Unmittelbar nach der Befreiung existierte der Schriftzug „Arbeit macht frei“ noch in der Türe des Jourhauses. Ein Foto des früheren politischen Häftlings Franz Brückl belegt dies. Das Foto ist leider nicht datiert wie viele Fotos, die in der Frühzeit der Gedenkstätte in das Archiv gelangten. Ein weiteres Foto (Quelle: Hr. Garand, USA) belegt, dass der Schriftzug jedoch später – wahrscheinlich von US-amerikanischen Soldaten – entfernt wurde. Unseres Erachtens ist das Foto noch vor der Einrichtung der „Wohnsiedlung“ Dachau-Ost entstanden, also in den Vierzigerjahren, denn die Golgotha-Kirche auf dem früheren Appellplatz ist noch nicht zu sehen. Auf Fotos aus der Frühzeit der Gedenkstätte ist der Schriftzug „Arbeit macht frei“ dann wieder zu sehen.

Auch ein Dokument aus dem Archiv der Gedenkstätte deutet darauf hin, dass die Inschrift rekonstruiert und in die Türe eingesetzt wurde. Nach einer Begehung des Geländes im Jahr 1972 durch das CID, das Bauamt und die Bayerische Schlösser- und Seenverwaltung hielt diese in einem Protokoll fest: „Wiederanbringung der aus dem eisernen Eingangstor entfernten Inschrift ‚Arbeit macht frei‘ erforderlich.“ (Quelle: Protokoll der Bayerischen Schlösser und Seenverwaltung vom 15.05.1972 | Archiv der KZ-Gedenkstätte Dachau)
Leider lagen dem Bauforscher Axel Will diese Fotos, die in der Frühzeit in das Archiv der Gedenkstätte gelangten, sowie das genannte Dokument aus dem Jahre 1972, bei Erstellung seines 1999 erstellten bauhistorischen Gutachtens nicht vor. In seiner Expertise kommt er daher zu dem Schluss, die komplette Gittertüre sei wahrscheinlich entfernt und später durch eine Rekonstruktion ersetzt worden. Er bezog sich dabei auf eine mündliche Aussage der damaligen Gedenkstättenleitung. Bezugnehmend auf die ihm nun vorliegenden Fotos erklärte Herr Will, dass er es für höchstwahrscheinlich halte, dass nur der Schriftzug bei Gründung der Gedenkstätte rekonstruiert wurde und nicht die ganze Türe.
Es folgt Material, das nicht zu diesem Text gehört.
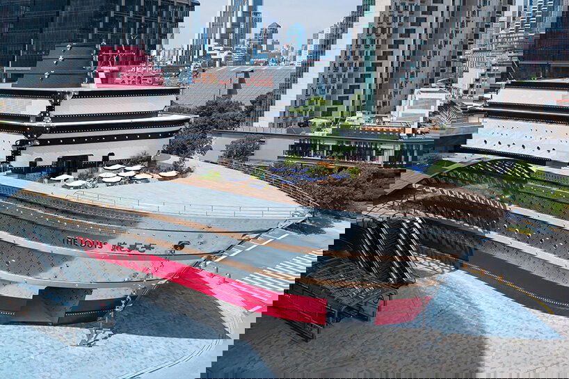 This impressive installation is a tribute to Louis Vuitton’s 19th-century history of crafting travel trunks, nodding to the brand’s heritage of transoceanic journeys. It also cleverly honours Shanghai’s own maritime spirit as a major port city. The exterior even looks like stacked vintage trunks, complete with a shimmering metallic LV monogram.

Denn die Fertigung der Tür samt Schrift erfordere zwei unterschiedliche Arbeitsvorgänge, sie werde nicht „aus einem Guss“ gemacht. Festzuhalten ist außerdem, dass die US-Amerikaner nur sehr wenige bauliche Veränderungen im Jourhaus, im Westflügel und im Bunker vornahmen. Zumeist erfolgte nur ein Neuanstrich, andere Nutzungen sind nur durch provisorische Einbauten belegt. Selbst die großen mit Hakenkreuzen versehenen Reichsadler über den Eingängen der Kaserne im früheren SS-Bereich nutzten sie weiter, statt sie abzubauen: Sie sägten die Hakenkreuze ab und bemalten die metergroßen Adler als Seeadler.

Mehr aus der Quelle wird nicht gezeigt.